As part of the process of developing a new, consolidated rulebook (the Consolidated FINRA Rulebook), FINRA is requesting comment on proposals relating to FINRA's Front Running Policy in NASD Interpretive Material (IM) 2110-3. The proposed amendments to the Front Running Policy include broadening the scope of the rule beyond certain options and security futures to other types of derivatives, financial instruments and financial contracts, as well as adopting Supplementary Material to the rule to codify exceptions to the prohibitions.

The text of the proposed rule is set forth in Attachment A.

Questions concerning this Notice should be directed to the Office of General Counsel at (202) 728-8071.

Action Requested

FINRA encourages all interested parties to comment on the proposals. Comments must be received by February 6, 2009.

Member firms and other interested parties can submit their comments using the following methods:

• Emailing comments to pubcom@finra.org; or
•Mailing comments in hard copy to:

Marcia E. Asquith
Office of the Corporate Secretary
FINRA
1735 K Street, NW
Washington, DC 20006-1506

To help FINRA process and review comments more efficiently, persons should use only one method to comment on the proposals.

Important Notes: The only comments that FINRA will consider are those submitted pursuant to the methods described above. All comments received in response to this Notice will be made available to the public on the FINRA Web site. Generally, FINRA will post comments on its site one week after the end of the comment period.1

Before becoming effective, a proposed rule change must be authorized for filing with the SEC by the FINRA Board of Governors, and then must be approved by the SEC, following publication for public comment in the Federal Register.2

Background & Discussion

Background

NASD IM-2110-3 (Front Running Policy) states that it is conduct inconsistent with just and equitable principles of trade for a member firm or an associated person of a member firm to buy or sell security futures or certain options for accounts in which the firm or associated person has an interest when the firm or associated person has material, non-public information concerning an imminent block transaction in the underlying security. Similarly, the same prohibition applies in the underlying security when the material, non-public information regarding a block transaction concerns an option or security future on that underlying security. The Front Running Policy also prohibits providing material, non-public information concerning an imminent block transaction to customers who then trade on the basis of the information. The prohibitions in the rule apply until the information concerning the block transaction has been made publicly available.

Proposed Amendments

FINRA proposes adopting IM-2110-3 as FINRA Rule 5270 and amending the Front Running Policy in several ways to broaden its scope.

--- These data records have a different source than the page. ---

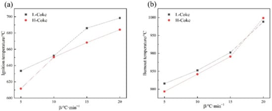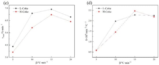 Figure 3 shows the combustion characteristic parameters of metallurgical coke at different heating rates. With the increase in the heating rate, all combustion characteristic parameters increased, among which the L-Coke was higher than the H-Coke.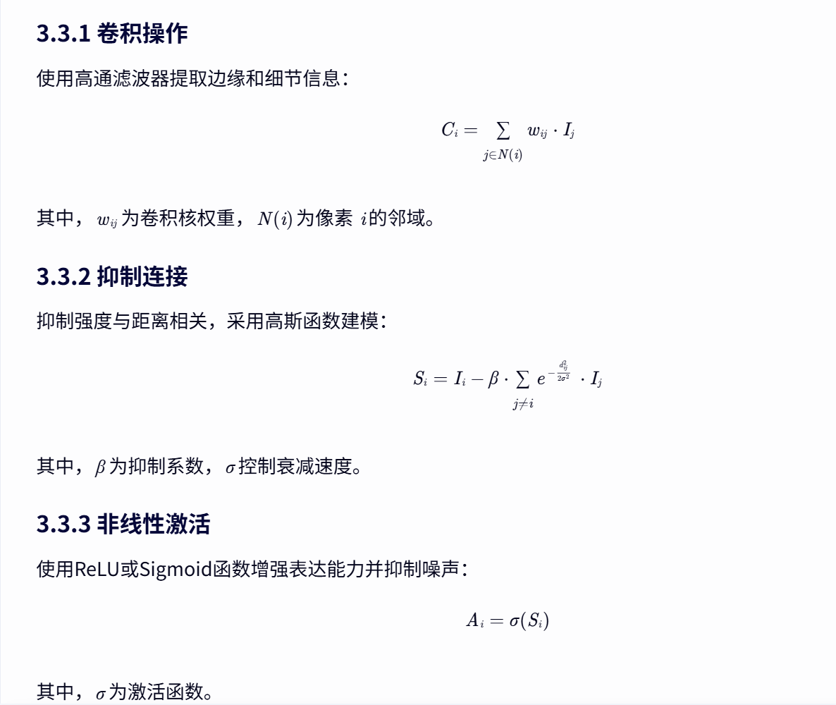 - 侧向抑制:源于神经生理学,指神经元活动抑制相邻神经元,在图像处理中可突出边缘并抑制噪声。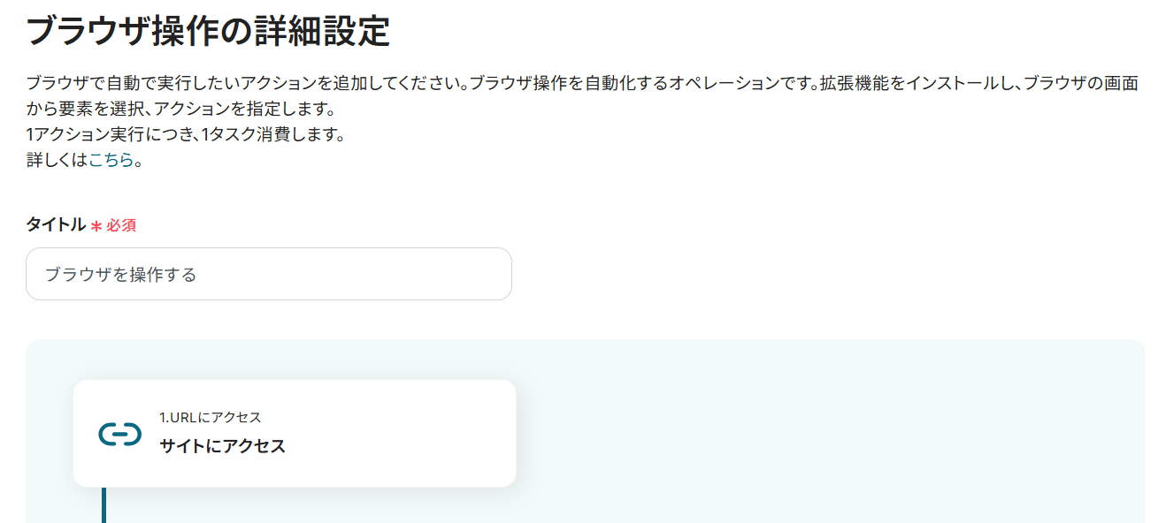 以下の画面が表示されるので、ブラウザ操作の詳細を設定します。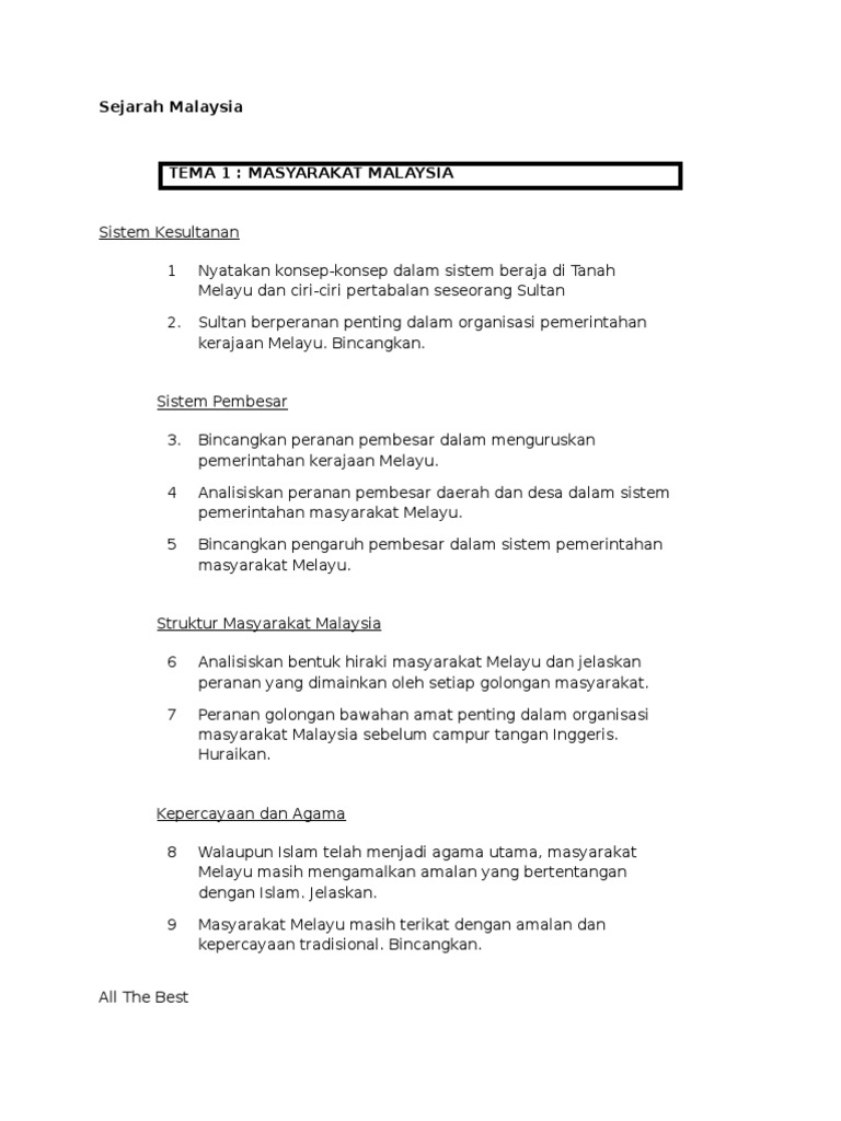 Soalan Dan Jawapan Sejarah Malaysia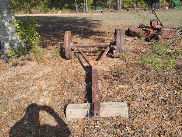 28 inch steel wagon wheels with axle and tongue still attached. 500.00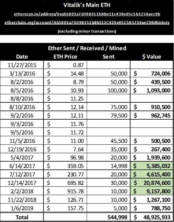 Sunnarborg links current ether prices against the timing of transactions into and out of Buterin’s wallet address. Based on these data, Sunnarborg estimates that Vitalik received $49 million for the sale of 545,000 ETH since March 2016.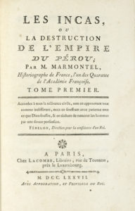 MARMONTEL Jean Francois, Les Incas, ou La destruction de l'Empire du Pérou... — Tome premier (-second). A — Paris : chez Lacombe, 1777. — 18 volumi in-8° (mm 230x145). — Con numerose mappe e vedute in calcografia fuori testo.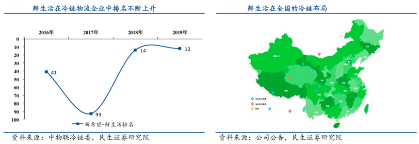 經典案例:根據中物聯冷鏈委、公司公告、民生證券研究院等綜合資訊表明,新希望集團旗下擁有專業的冷鏈物流 “鮮生活”,為新乳業賦能冷鏈。截至 2019 年,“鮮生活”在國內冷鏈物流企業綜合實力排名第 12,具備全國城市全網服務能力,并且公司業務區域與“鮮生活”基本重疊,具備較強的協同效應。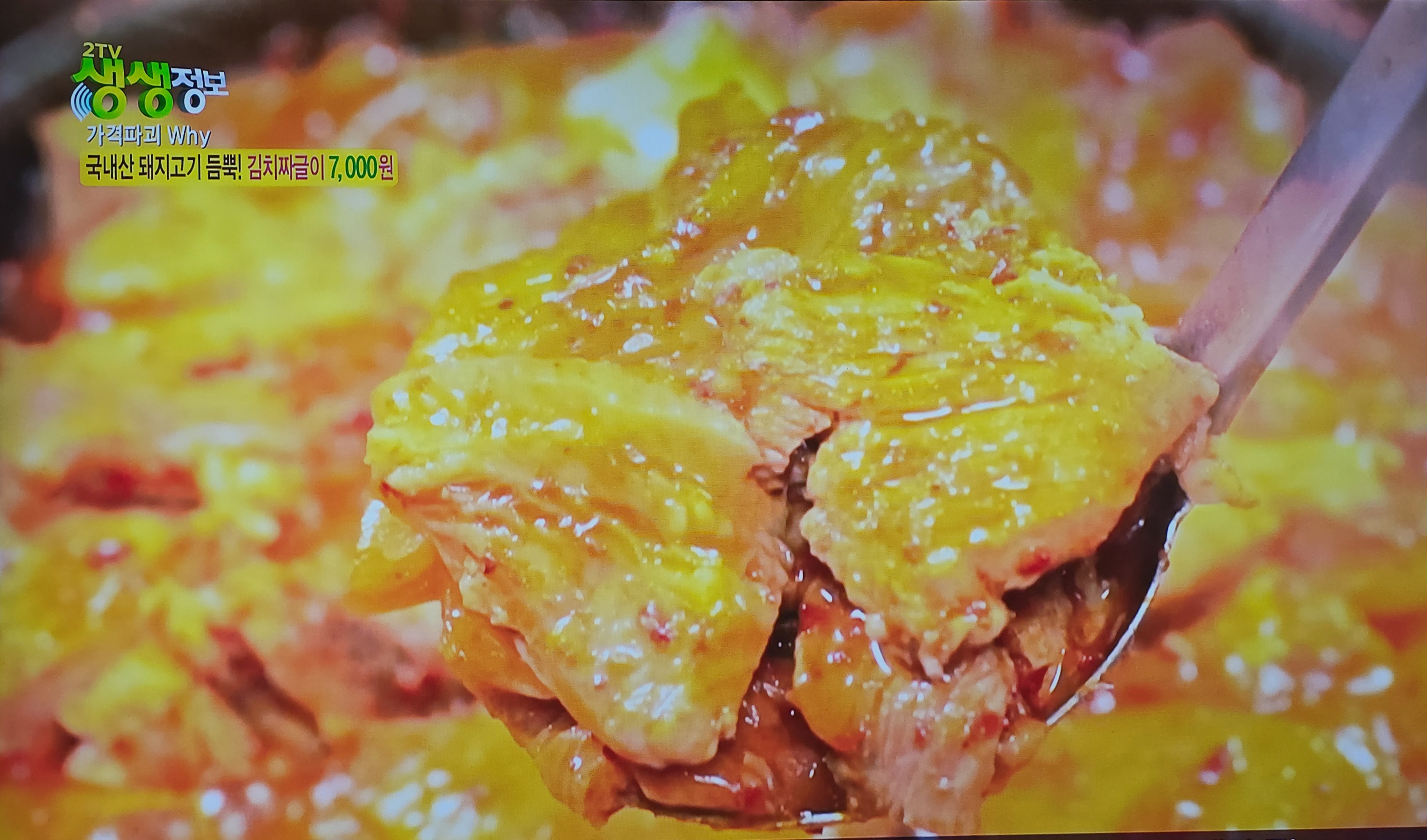 10월 14일 KBS2TV 생생정보 가격파괴 why 코너에서는 국내산 돼지고기가 듬뿍 들어간 김치짜글이가 소개됐어요.

First, FINRA proposes extending the prohibitions in the rule. The proposed rule applies to all securities and is broadened to include trading in the same security that is the subject of an imminent block transaction as well as other financial instruments and contracts (i.e., not only options and security futures) that overlay the security that is the subject of an imminent block transaction and that have a value that is materially related to the underlying security. Specifically, FINRA proposes extending the front running prohibitions to cover trading in an option, derivative, or other financial instrument overlying a security that is the subject of an imminent block transaction the value of which is materially related to, or otherwise acts as a substitute for, such security, as well as any contract that is the functional economic equivalent of a position in such security (individually or collectively a "related financial instrument"). This proposed expansion of the rule to include all related financial instruments is intended to capture those instruments (in addition to securities) that could be used to take advantage of the knowledge of an imminent block transaction. This would include, for example, equity swaps, convertible debt, and any other type of financial instrument the value of which is materially related to, or otherwise acts as a substitute for, an underlying security. The reverse would also be true: When the imminent block transaction itself involves a related financial instrument, the proposed rule prevents trading in the underlying security. Although FINRA believes that this type of trading would generally violate existing FINRA rules, such as FINRA Rule 2010 (Standards of Commercial Honor and Principles of Trade),3 FINRA proposes broadening the language of the Front Running Policy to apply equally to all related financial instruments rather than limiting it to security futures and certain options. Because some related financial instruments may not themselves result in publicly available trading information being made available, FINRA is also proposing that the prohibitions be in place until the material, non-public information is either publicly available or "otherwise becomes stale or obsolete."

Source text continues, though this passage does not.